#### [Activity]
Look through the listing below for the line with "Directing staff members" and the line with "Transverse crack in Rod Head". Copy both, along with every line between them, exactly and with no pictures.
==== Data
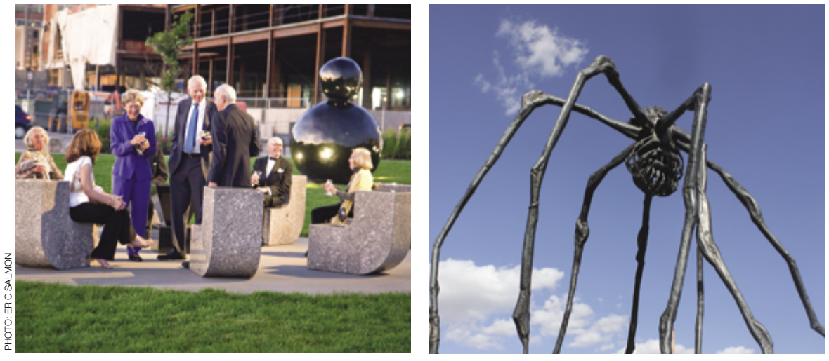
LEFT Gala guests gathered at Scott Burton's Seating for Eight and Café Table 1. RIGHT Louise Bourgeois' Spider (detail)
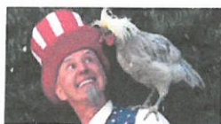
Uncle Sam Expects You To Keep Hens and Raise Chickens!!
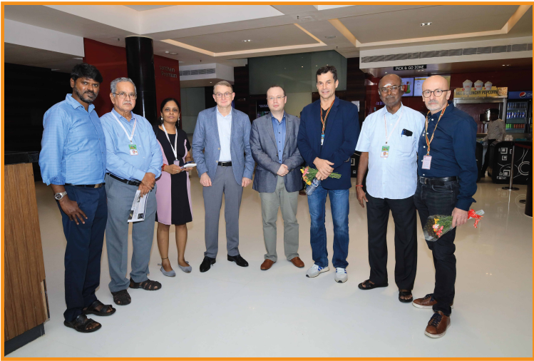
Consul General of Russia in Chennai & Director of Russian Cultural Centre in Chennai at 21st CIFF
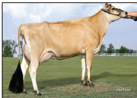
Unique HP Action Sasha, E-90% 4-2 305 18,810 4.2% 792 3.8% 710 Sold in 2012
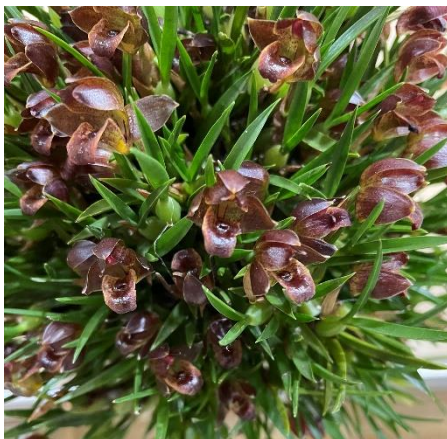
Best of the Evening Open (50% culture/50% flower) Max. paranaensis Owned by Cary Polis
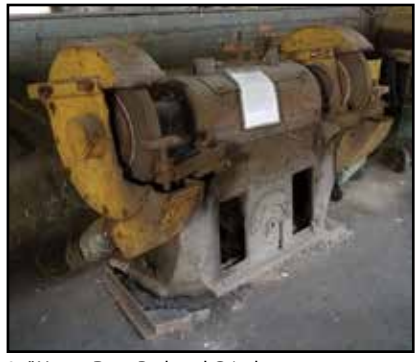
24" Heavy Duty Pedestal Grinder
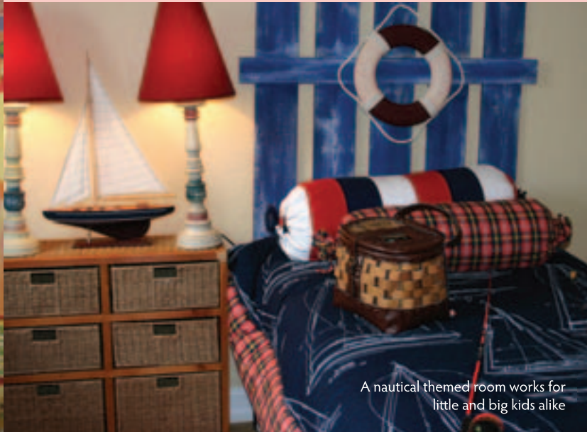
A nautical themed room works for little and big kids alike
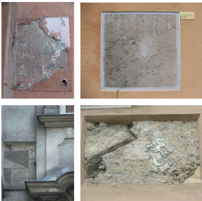
Ill. 8. Samples of original substrates presented as evidence in Wrocław, Berlin, Vienna and Wiener Neustadt.
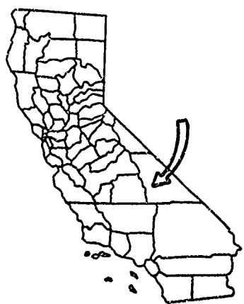
EXHIBIT "A" PRC 4627.2
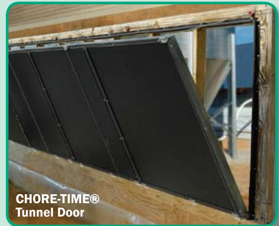
CHORE-TIME® Tunnel Door
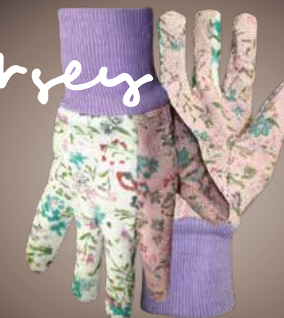
751 ONE SIZE
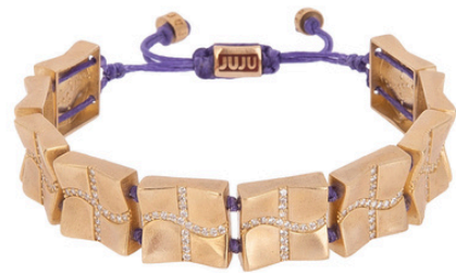
CBS-1981 € 132
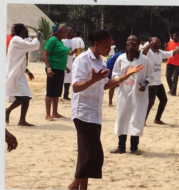
African brothers and sisters in deep prayer.
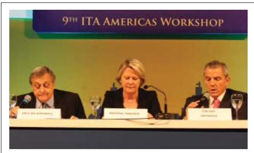
2013 Americas Workshop in São Paulo

“The content, faculty and overall Workshop quality was excellent.”
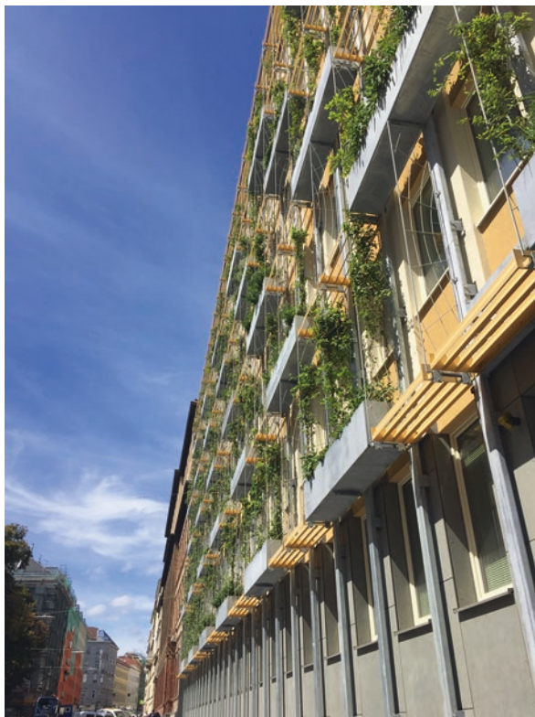
Fig. 10.9 Green wall takes on the function of external shading. Retrofitted building from the 60ies. MA 31 Vienna

The maintenance costs of extensive and semi-intensive green roofs are comparatively low, less than €17/m 2 for green roofs over 1000 m 2 for 40 years of maintenance (Hämmerle and EFB 2007).
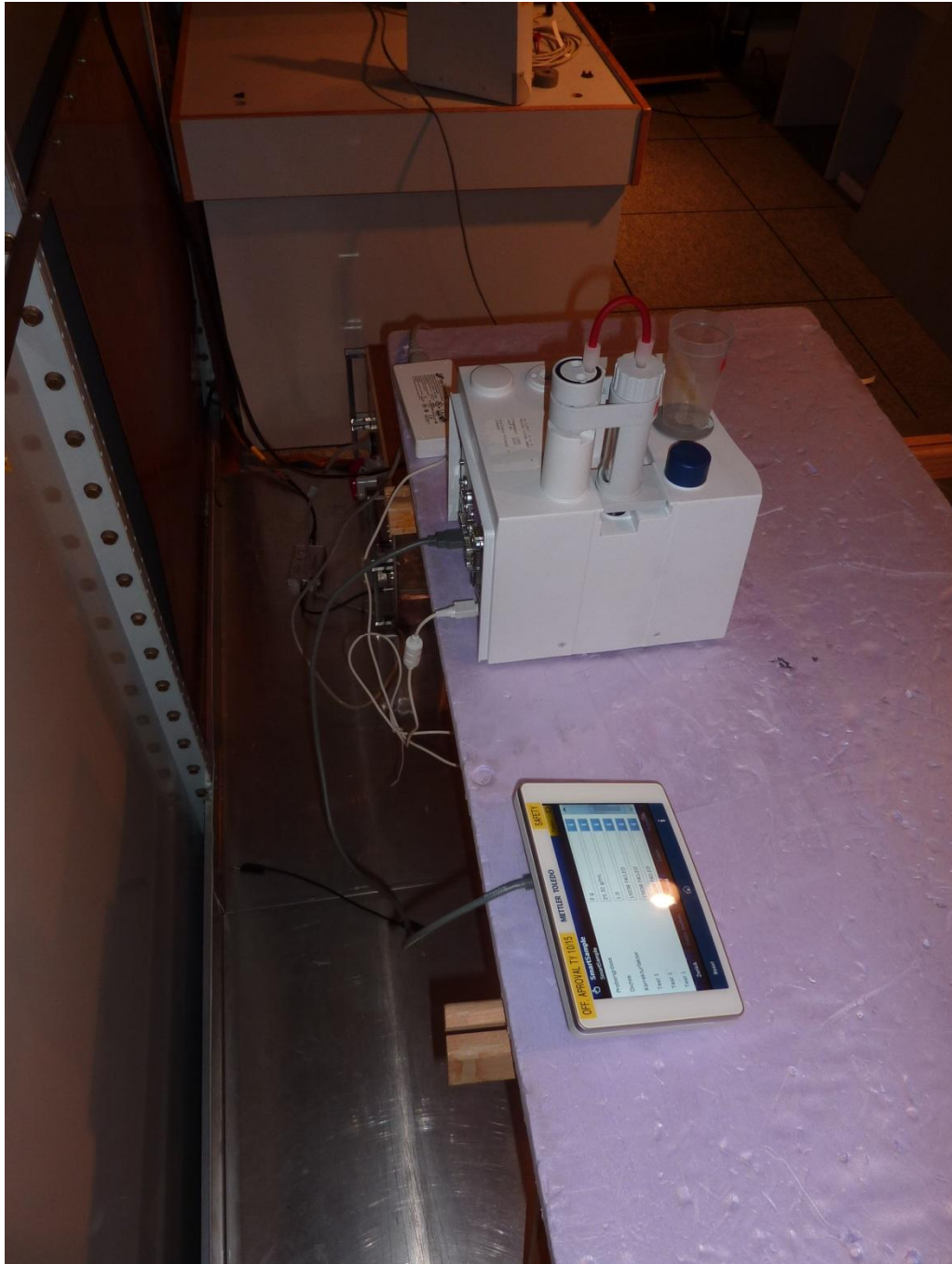
161791emicB1.jpg: Host (Excellence Titrator T9), test setup shielded chamber
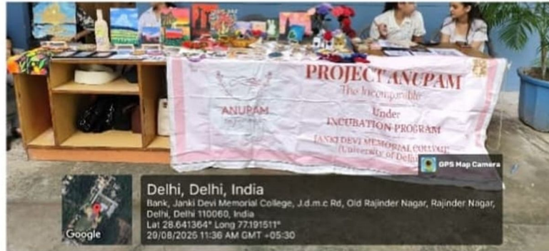
(Our vibrant stall)
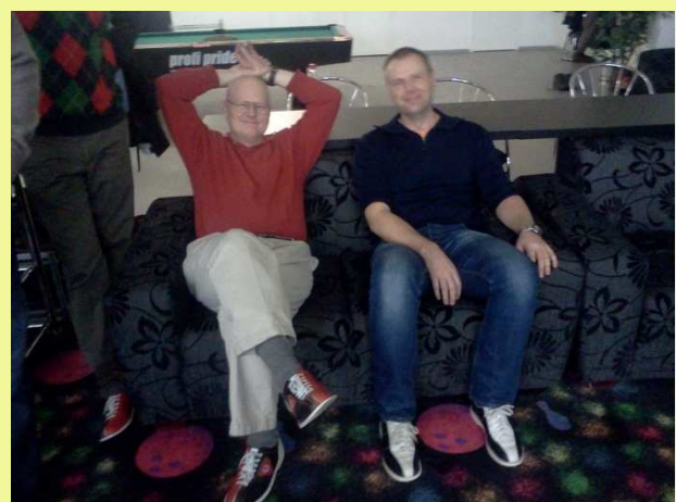
Directing staff members saving their energy for the next roll.
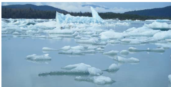
Figure 1: The melting glaciers caused by greenhouse gases

Chemical industry is mainstay industry in the development of economy and society and thus will influence the daily life of people. However, it also makes more contributions to energy consumption and greenhouse gases. China is the one of the largest countries producing chemical products all over the world. More importantly, the production of chemical industry in China is not very reasonable, where products with high energy consumption, crude processing, low additional value widely exist. The melting glaciers caused by greenhouse gases are demonstrated in Figure 1.
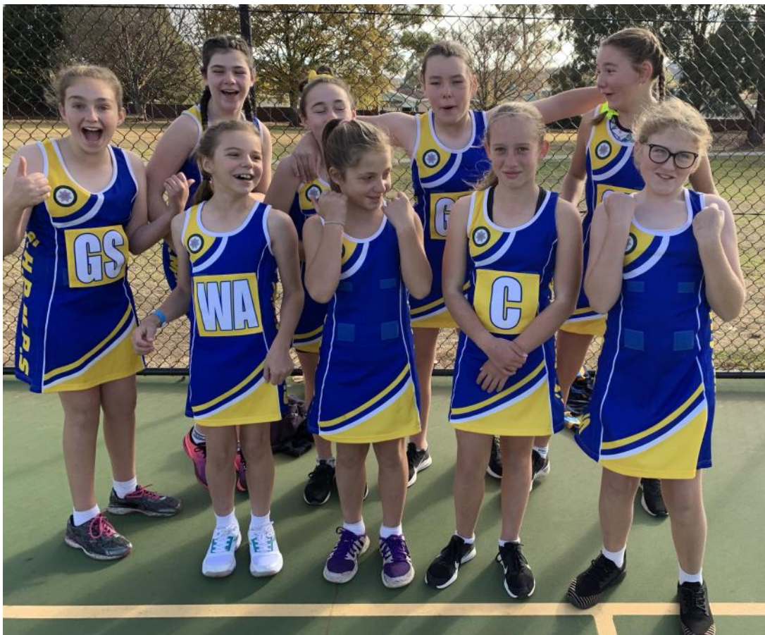
The Sir Henry Parkes Memorial Public School proudly stands on Yakambul land
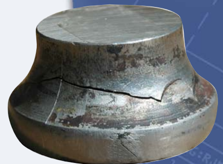
Transverse crack in Rod Head

Cracks in rigging components, especially cracks that are orientated transverse to the load, are a sign of impending failure. Cracks can be found using visual inspection, a magnifier, or by dye penetrate testing. Navtec recommends these techniques, but other professional testing techniques available are X-ray testing, eddy current testing and ultrasonic testing, which allows you to inspect rod heads for transverse cracks in closed fittings.
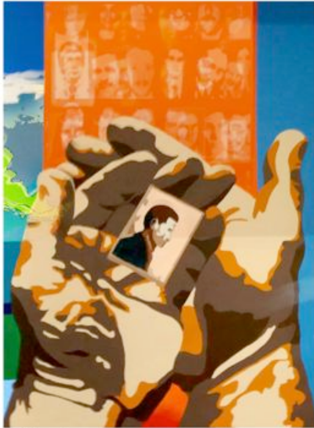
Building Bridges Mural
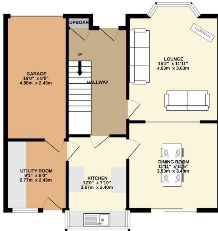
GROUND FLOOR 717 sq.ft. (66.6 sq.m.) approx.
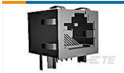
TE Part #1-406541-5 MJ,INV,1X1,0PNL G.,.100"ST,SN
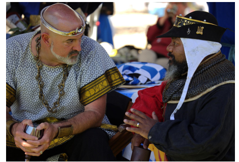
Sharing good conversation
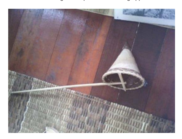
Illustration 3: A bailing bucket, the [təɣusuəη]

[təɣusuəŋ]. A conical container with a long handle used to bail water from the river and pour the water over the grated sago pith ([pəw]) while a worker is treading on the pith in the filtering apparatus.
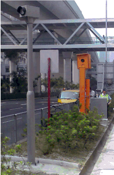
Camera (RLC1 / RLC2)
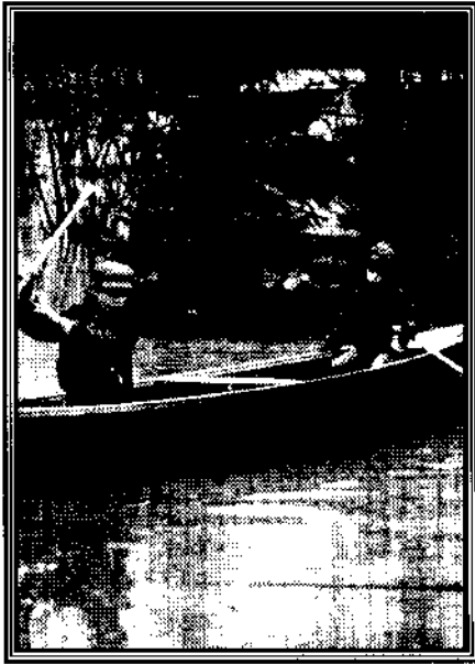
The Flood of 1987
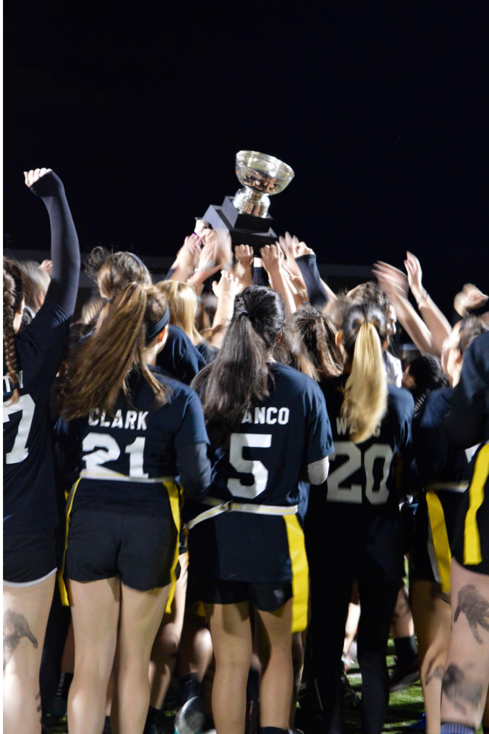
Senior Powder Puff Victory
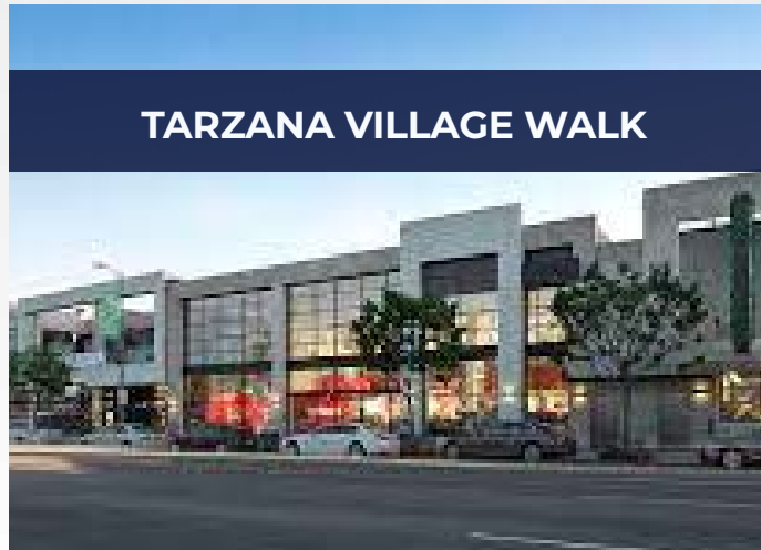
TARZANA VILLAGE WALK
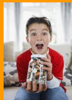
Change for "CHANGE"

Sunday 10:00AM Sunday School 11:00AM Worship/Preaching 6:00PM Worship/Preaching Every 5th Sunday 6:00 PM Youth Service Wednesday 7:00PM Worship/Preaching 7:00PM Youth Group
========
#### [Output below]
Directing staff members saving their energy for the next roll.
Figure 1: The melting glaciers caused by greenhouse gases

Chemical industry is mainstay industry in the development of economy and society and thus will influence the daily life of people. However, it also makes more contributions to energy consumption and greenhouse gases. China is the one of the largest countries producing chemical products all over the world. More importantly, the production of chemical industry in China is not very reasonable, where products with high energy consumption, crude processing, low additional value widely exist. The melting glaciers caused by greenhouse gases are demonstrated in Figure 1.
The Sir Henry Parkes Memorial Public School proudly stands on Yakambul land
Transverse crack in Rod Head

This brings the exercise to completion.